- Origin: Minsk, Belarus
- Genres: Electronic, new wave, synth-pop, Krautrock, cyberpunk
- Years active: 2018–present
- Label: Soyuz Music [ru]
- Members: Siarhei Mikhalok, Vladimir Opsenica
- Website: drezden.by

= Drezden (band) =

Drezden is a Belarusian and Ukrainian electronic band founded by Siarhei Mikhalok.

== History ==
On February 19, 2018, information appeared that Sergey Mikhalok, the leader of Brutto and several other bands, was organizing a new electronic project, for the formation of the core of which he had already enlisted the support of Okean Elzy guitarist Vladimir Opsenica and producer Vitaly Telezin. According to Mikhalok, he was always a fan of new wave, the German new wave in particular, and concealed the dream of creating his own band in this genre.

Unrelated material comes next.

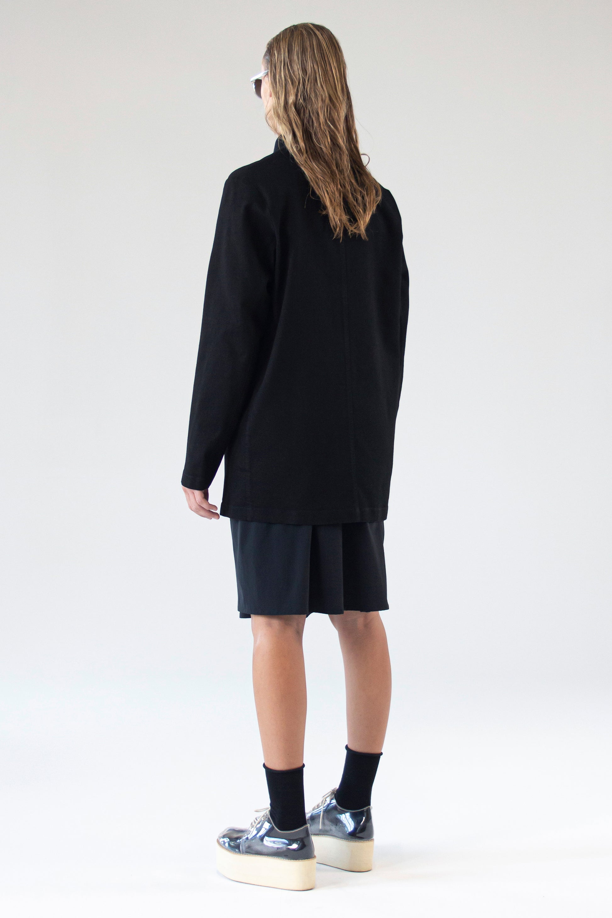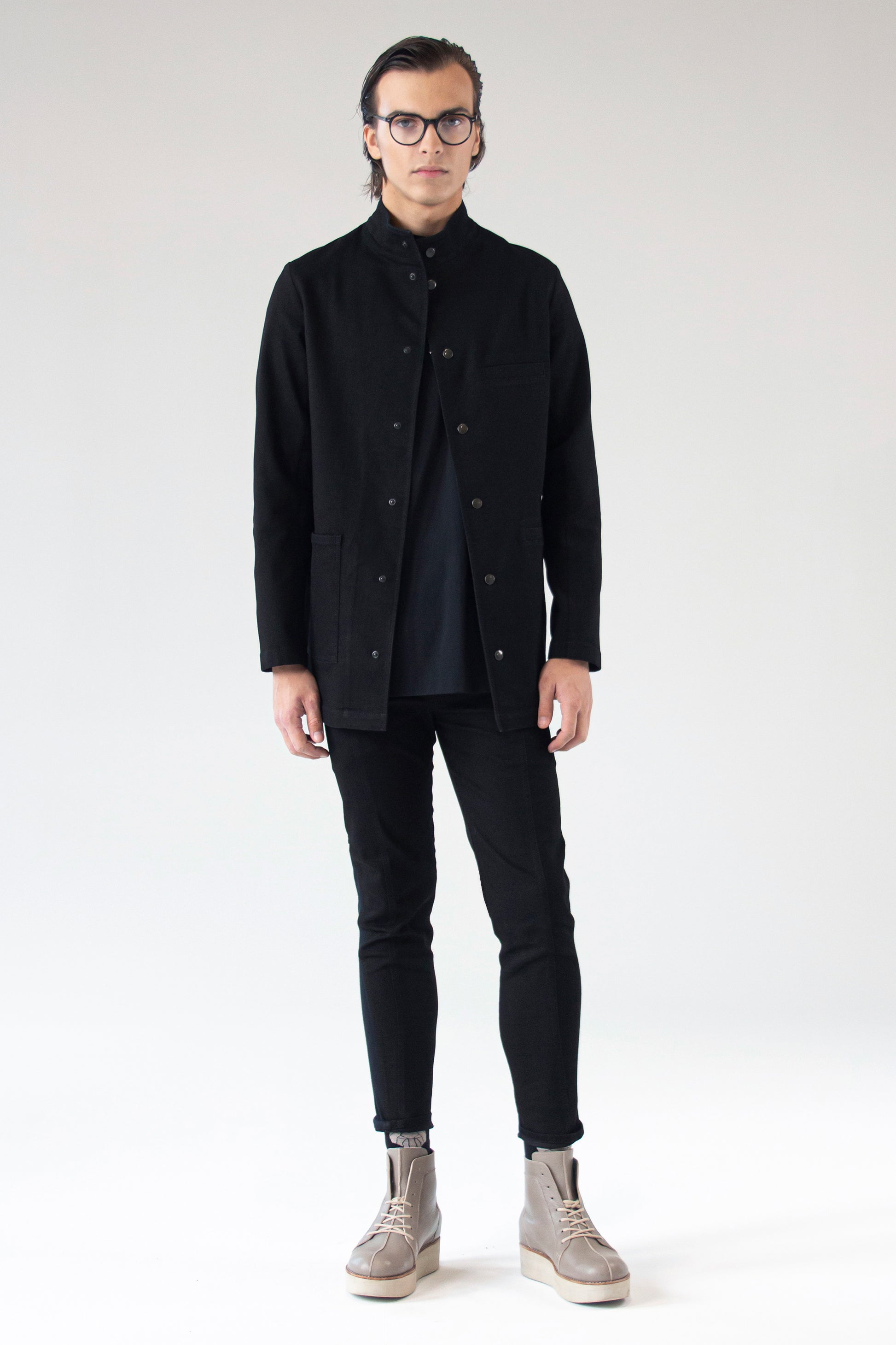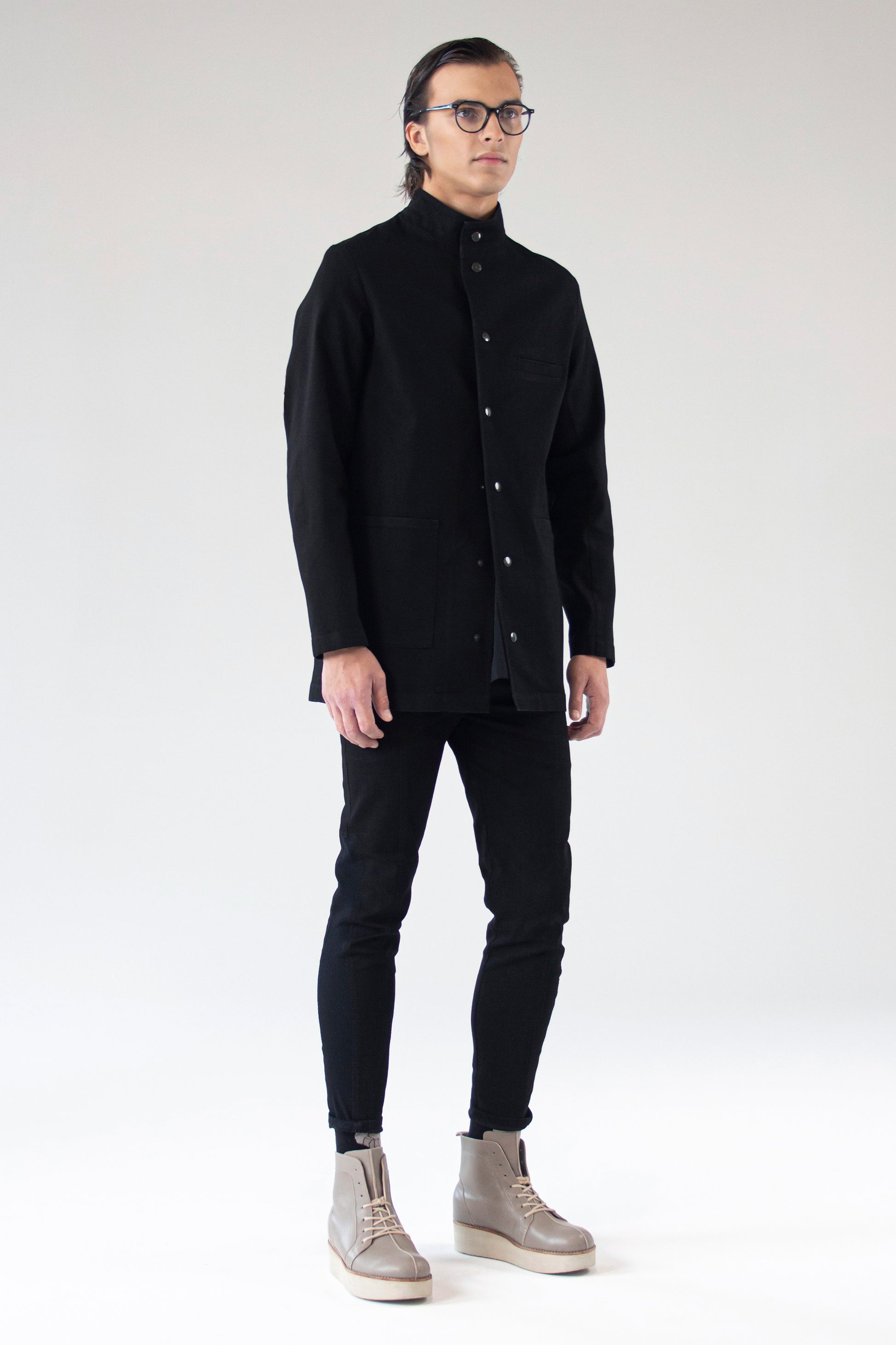 Regular fit, extended unisex denim jacket HOLY in a practical, slightly stretchy black denim fabric. The jacket has a stand-up collar, a minimalistic pocket and a button fastening. The denim fabric is cotton and slightly polyester and elastane to ensure a longer lasting denim jacket and a fresher look!
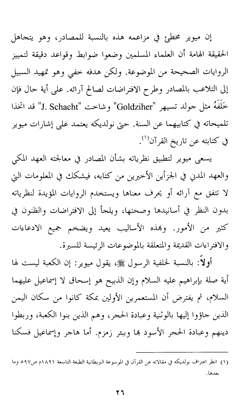 (1) انظر اعتراف نولديكه في مقالاته عن القرآن في الموسوعة البريطانية الطبعة التاسعة 1891م ص597 وما بعدها.

Together with the announcement of the creation of the band, work began on the band's self-titled debut album, which was released on August 30, 2018, on the label Soyuz Music. On the same day, a music video was released for the title track of the disc “Drezden.”

The album Drezden itself received a mixed press, while critics could not get rid of obsessive musical and stylistic associations with other Mikhalok’s projects: Brutto, Lyapis Trubetskoy, Lyapis-98. In total, 4 singles were released from the record (“Drezden,” “Ронин,” “Айсберг,” “Коалы”), for all of which music videos were shot.

Simultaneously with the release of the debut album, it was announced that the band had already begun recording the second one. In the fall of 2018, keyboardist Pavel Mikhalok (Siarhei Mikhalok's son and member of Super Besse), bassist Ales Myshkevich, known for playing in Lyapis-98, J:Mors, beZ bileta, Krambambula, guitarist Pavel Velichko from Yellow Brick Road, and beZ bileta's drummer Denis Shurov, who had already collaborated with Mikhalok in the bands: Brutto, Lyapis-98, and Lyapis Trubetskoy, bolstered up the band's lineup.

The remaining musicians of a concert tour, which is scheduled to roll on in the fall of 2019, will become known later.

== The band's name ==
The name of the band comes from the Russian pronunciation of the name of the city of Dresden, Germany, in which frontman Sergei Mikhalok was born in 1972.
== Discography ==

=== Studio albums ===
- Drezden (August 30, 2018)
- Edelweiss (December 3, 2019)

=== Singles ===
- "Drezden" (August 30, 2018)
- "Ронин" (December 3, 2018)
- "Айсберг" (March 29, 2019)
- "Коалы" (May 3, 2019)

=== Official music videos ===
- Drezden (August 30, 2018)
- Ронин (December 3, 2018)
- Айсберг (March 29, 2019)
- Коалы (May 3, 2019)
- Эдельвейс (November 14, 2019)
- Давида олень (May 19, 2020)
- Barrikado (December 18, 2020)
- Гильотина (September 1, 2021)
- Молодость и радость (February 18, 2022)

== Band members ==

- Siarhei Mikhalok — vocals (2018 –)
- Vladimir Opsenica – guitar, keyboards (2018 –)

- Tour members
- Pavel Mikhalok — keyboards (2018 – )
- Ales Myshkevich — bass (2018 –)
- Pavel Velichko — guitar (2018 –)
- Denis Shurov – drums (2018 –)
- Production
- Vitaly Telezin — sound-producer (2018 –)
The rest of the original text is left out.